_EXERCISE OBJECTIVE:_ Leave out the pictures and output exactly the lines below from the one with "French President Emmanuel" down to the one with "On 5/5/23 Barry", both of them included.

_DATA IN THIS EXERCISE:_
╭──

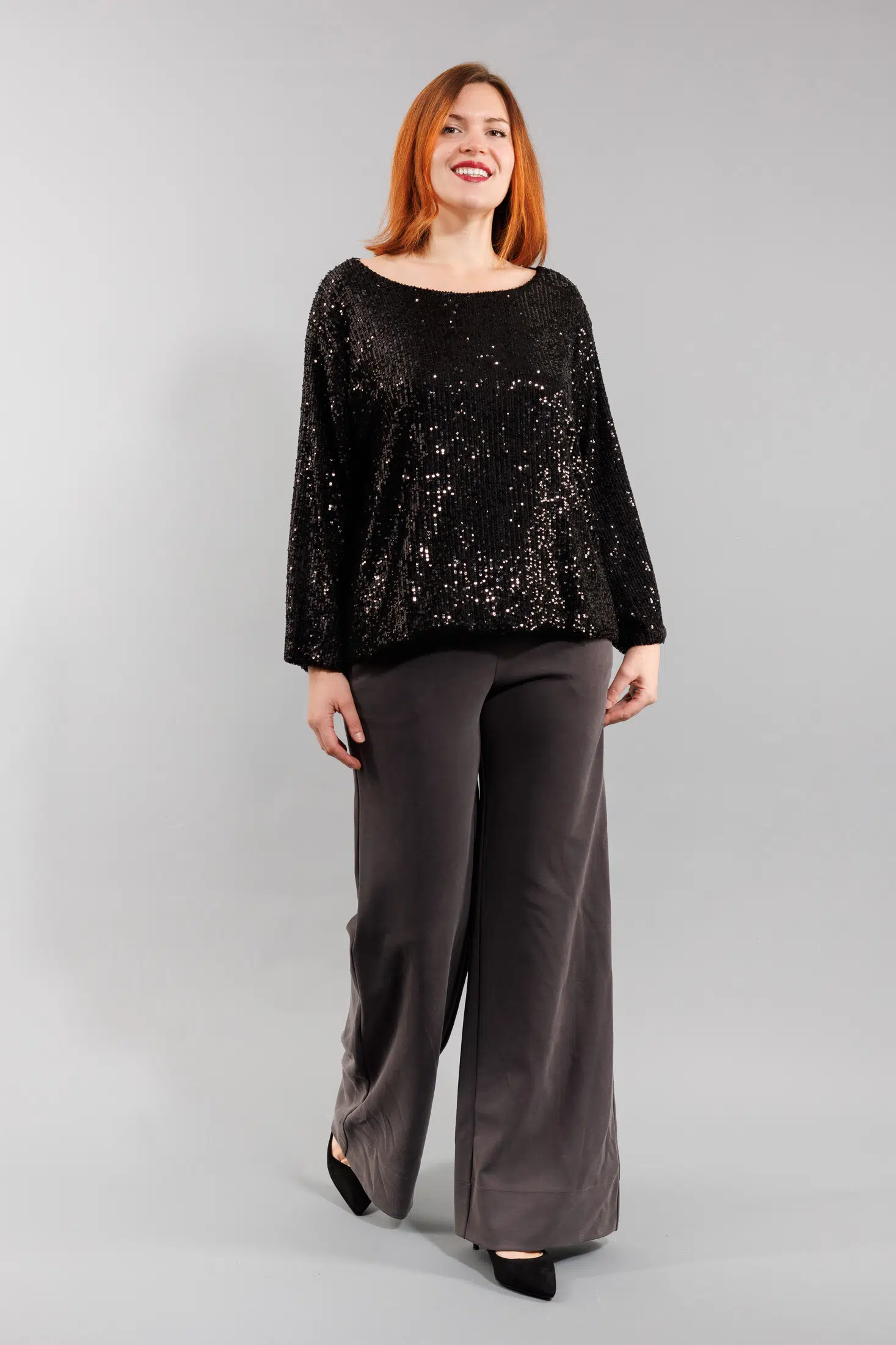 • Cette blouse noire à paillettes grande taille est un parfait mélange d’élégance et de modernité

╰──
╭──

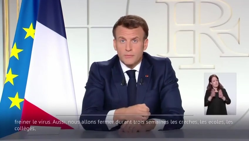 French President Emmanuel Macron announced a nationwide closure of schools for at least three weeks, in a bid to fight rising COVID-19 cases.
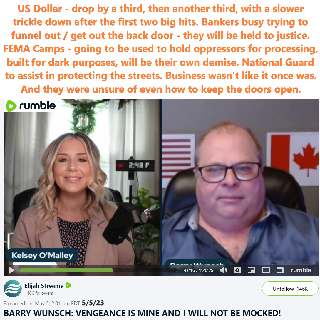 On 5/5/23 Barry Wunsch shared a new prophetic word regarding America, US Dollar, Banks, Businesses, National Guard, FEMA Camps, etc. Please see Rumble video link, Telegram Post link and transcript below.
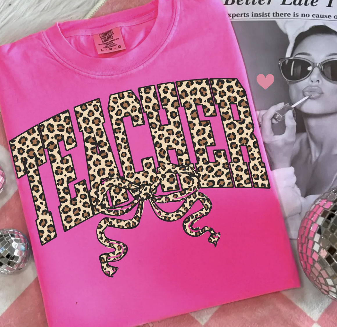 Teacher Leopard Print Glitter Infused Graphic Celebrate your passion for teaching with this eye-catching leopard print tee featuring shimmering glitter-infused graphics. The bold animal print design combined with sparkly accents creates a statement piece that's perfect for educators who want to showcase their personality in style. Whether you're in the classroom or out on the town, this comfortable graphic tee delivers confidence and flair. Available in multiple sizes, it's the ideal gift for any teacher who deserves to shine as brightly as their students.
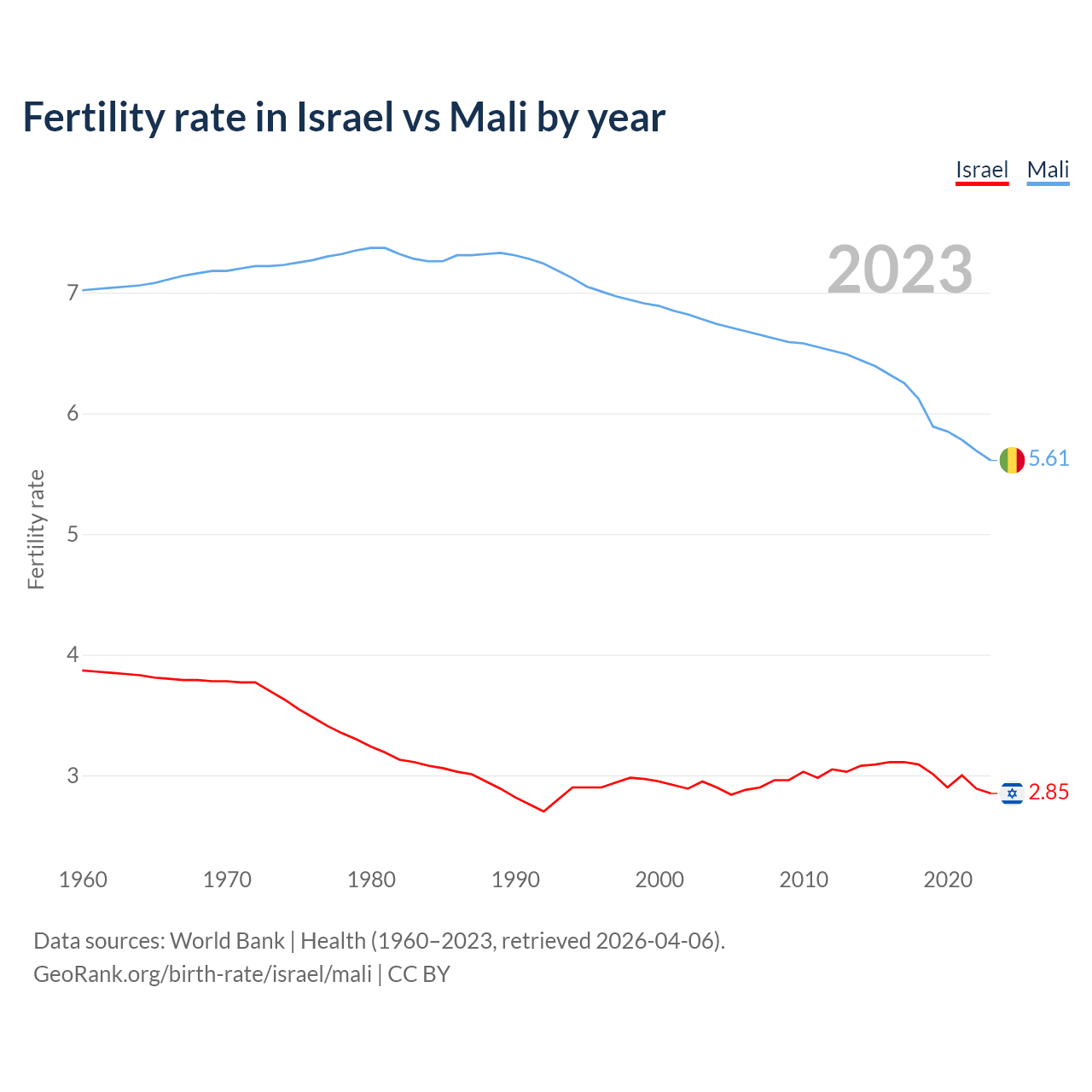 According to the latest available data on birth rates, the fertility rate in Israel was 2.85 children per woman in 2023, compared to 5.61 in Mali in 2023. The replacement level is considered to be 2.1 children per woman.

╰──
╭──

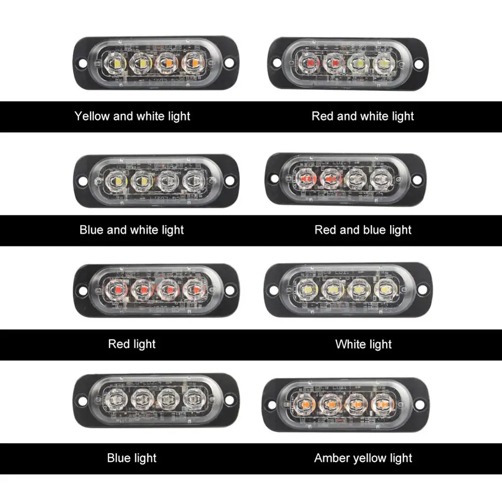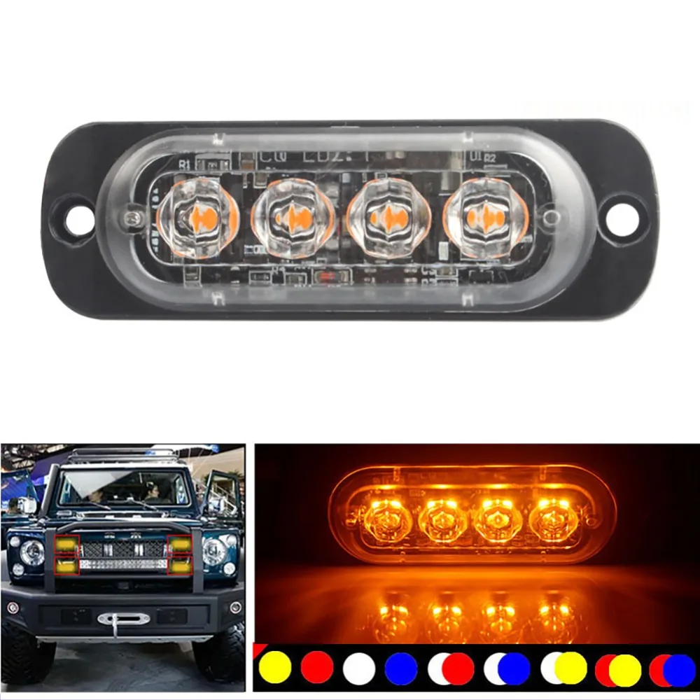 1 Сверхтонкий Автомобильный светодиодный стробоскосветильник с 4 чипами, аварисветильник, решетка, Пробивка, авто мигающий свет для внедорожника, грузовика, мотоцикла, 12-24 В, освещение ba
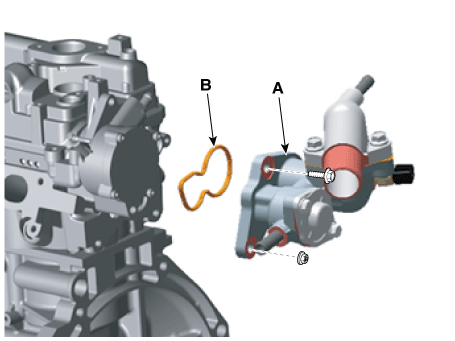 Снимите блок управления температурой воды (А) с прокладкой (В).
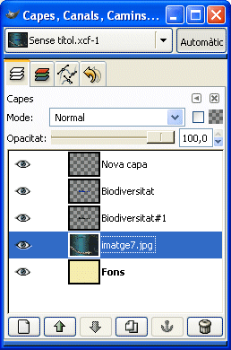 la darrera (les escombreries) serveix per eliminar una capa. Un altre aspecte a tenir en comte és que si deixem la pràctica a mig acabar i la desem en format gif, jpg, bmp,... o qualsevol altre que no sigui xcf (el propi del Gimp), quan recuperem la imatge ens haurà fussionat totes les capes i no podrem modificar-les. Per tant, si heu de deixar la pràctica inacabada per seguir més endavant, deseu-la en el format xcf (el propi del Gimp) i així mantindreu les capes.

╰──

_ANSWER TO THE PROBLEM:_
 French President Emmanuel Macron announced a nationwide closure of schools for at least three weeks, in a bid to fight rising COVID-19 cases.
 On 5/5/23 Barry Wunsch shared a new prophetic word regarding America, US Dollar, Banks, Businesses, National Guard, FEMA Camps, etc. Please see Rumble video link, Telegram Post link and transcript below.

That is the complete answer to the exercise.